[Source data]

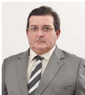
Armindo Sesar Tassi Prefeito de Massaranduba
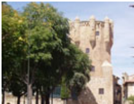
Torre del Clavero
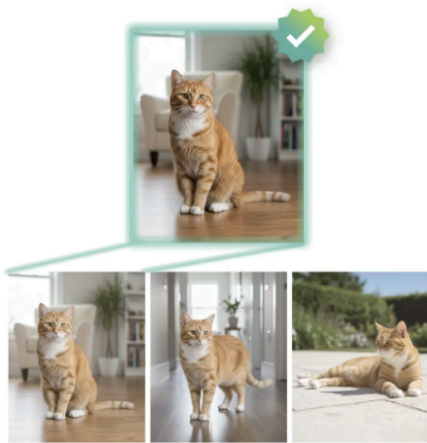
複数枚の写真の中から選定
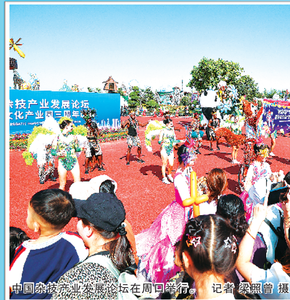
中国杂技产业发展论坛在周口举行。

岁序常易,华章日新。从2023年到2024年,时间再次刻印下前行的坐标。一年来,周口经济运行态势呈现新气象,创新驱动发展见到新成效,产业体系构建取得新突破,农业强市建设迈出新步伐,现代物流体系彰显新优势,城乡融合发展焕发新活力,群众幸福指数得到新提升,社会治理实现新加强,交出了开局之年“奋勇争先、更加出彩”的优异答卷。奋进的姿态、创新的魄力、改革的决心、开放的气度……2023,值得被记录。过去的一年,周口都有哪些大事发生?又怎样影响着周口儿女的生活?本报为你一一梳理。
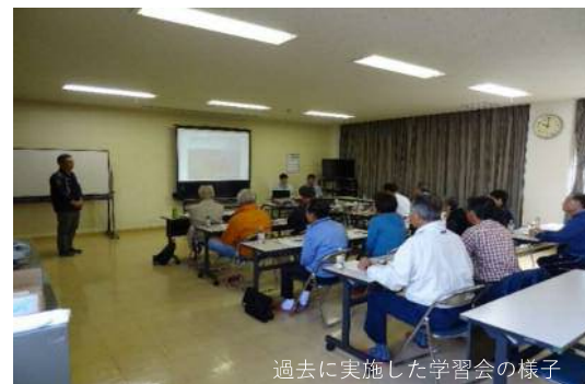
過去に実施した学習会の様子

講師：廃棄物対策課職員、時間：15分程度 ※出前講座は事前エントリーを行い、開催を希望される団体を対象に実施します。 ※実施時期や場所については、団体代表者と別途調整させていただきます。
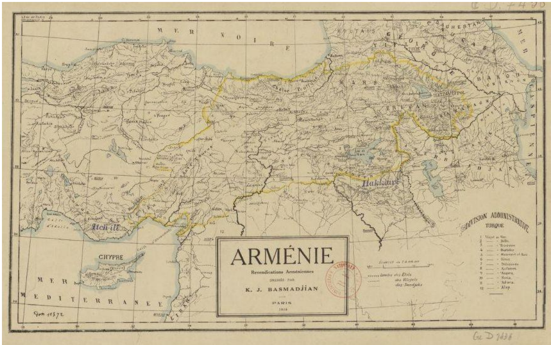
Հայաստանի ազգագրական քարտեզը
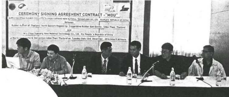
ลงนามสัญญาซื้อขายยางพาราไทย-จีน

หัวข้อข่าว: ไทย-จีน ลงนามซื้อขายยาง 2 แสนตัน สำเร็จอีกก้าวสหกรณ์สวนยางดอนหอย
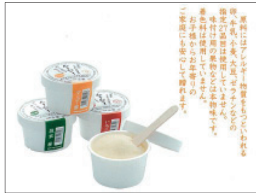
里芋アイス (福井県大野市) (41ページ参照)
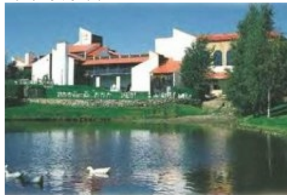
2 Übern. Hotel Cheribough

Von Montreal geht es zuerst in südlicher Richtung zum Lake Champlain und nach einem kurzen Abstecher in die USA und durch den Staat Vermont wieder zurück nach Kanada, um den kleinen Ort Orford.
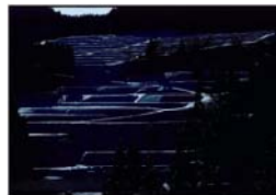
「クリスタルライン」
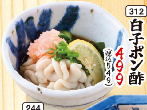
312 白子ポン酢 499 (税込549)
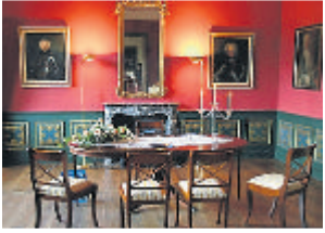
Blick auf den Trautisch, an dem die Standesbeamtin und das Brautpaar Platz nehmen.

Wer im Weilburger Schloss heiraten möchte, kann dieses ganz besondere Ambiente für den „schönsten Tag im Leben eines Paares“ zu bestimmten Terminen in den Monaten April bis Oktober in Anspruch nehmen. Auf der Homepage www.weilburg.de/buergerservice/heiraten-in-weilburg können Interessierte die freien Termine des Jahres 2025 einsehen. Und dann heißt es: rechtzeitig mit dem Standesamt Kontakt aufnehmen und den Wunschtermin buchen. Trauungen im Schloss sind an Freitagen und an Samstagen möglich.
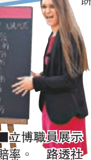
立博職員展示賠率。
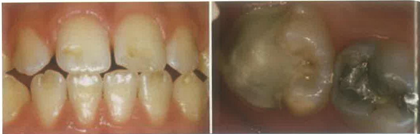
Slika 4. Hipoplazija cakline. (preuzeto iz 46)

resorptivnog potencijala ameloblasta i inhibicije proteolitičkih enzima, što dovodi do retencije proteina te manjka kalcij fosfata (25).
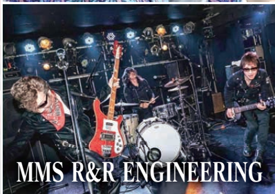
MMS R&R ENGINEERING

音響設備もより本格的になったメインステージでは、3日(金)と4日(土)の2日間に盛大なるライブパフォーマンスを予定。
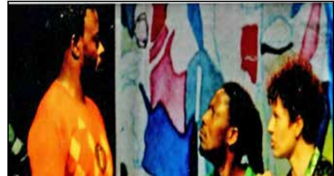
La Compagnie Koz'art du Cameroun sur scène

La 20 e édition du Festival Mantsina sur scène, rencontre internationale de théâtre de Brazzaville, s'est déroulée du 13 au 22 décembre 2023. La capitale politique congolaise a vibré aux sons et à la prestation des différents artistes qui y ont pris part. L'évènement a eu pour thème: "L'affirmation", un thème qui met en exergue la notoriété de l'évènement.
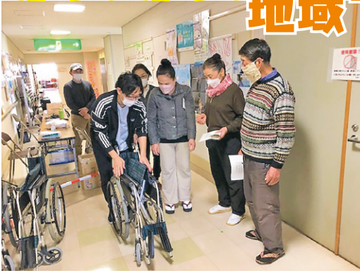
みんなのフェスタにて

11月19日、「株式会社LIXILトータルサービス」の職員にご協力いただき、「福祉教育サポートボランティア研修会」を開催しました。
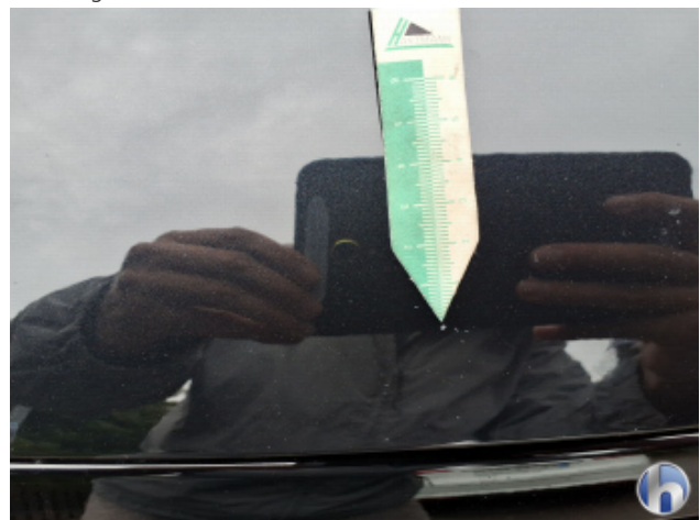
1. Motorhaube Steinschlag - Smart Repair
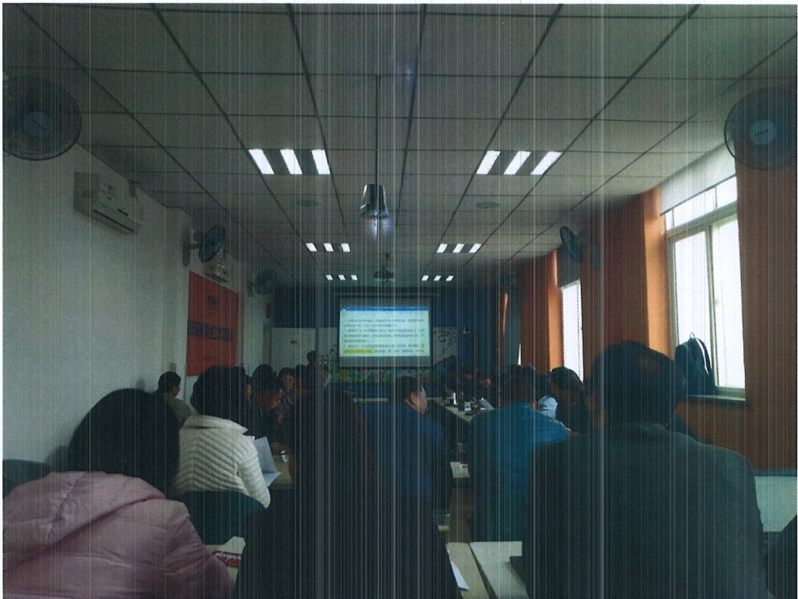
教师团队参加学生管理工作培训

* **Work to be completed**: Your task is to list each line of the records with the word "scène".

* **Solution for this problem**:
La Compagnie Koz'art du Cameroun sur scène
La 20 e édition du Festival Mantsina sur scène, rencontre internationale de théâtre de Brazzaville, s'est déroulée du 13 au 22 décembre 2023. La capitale politique congolaise a vibré aux sons et à la prestation des différents artistes qui y ont pris part. L'évènement a eu pour thème: "L'affirmation", un thème qui met en exergue la notoriété de l'évènement.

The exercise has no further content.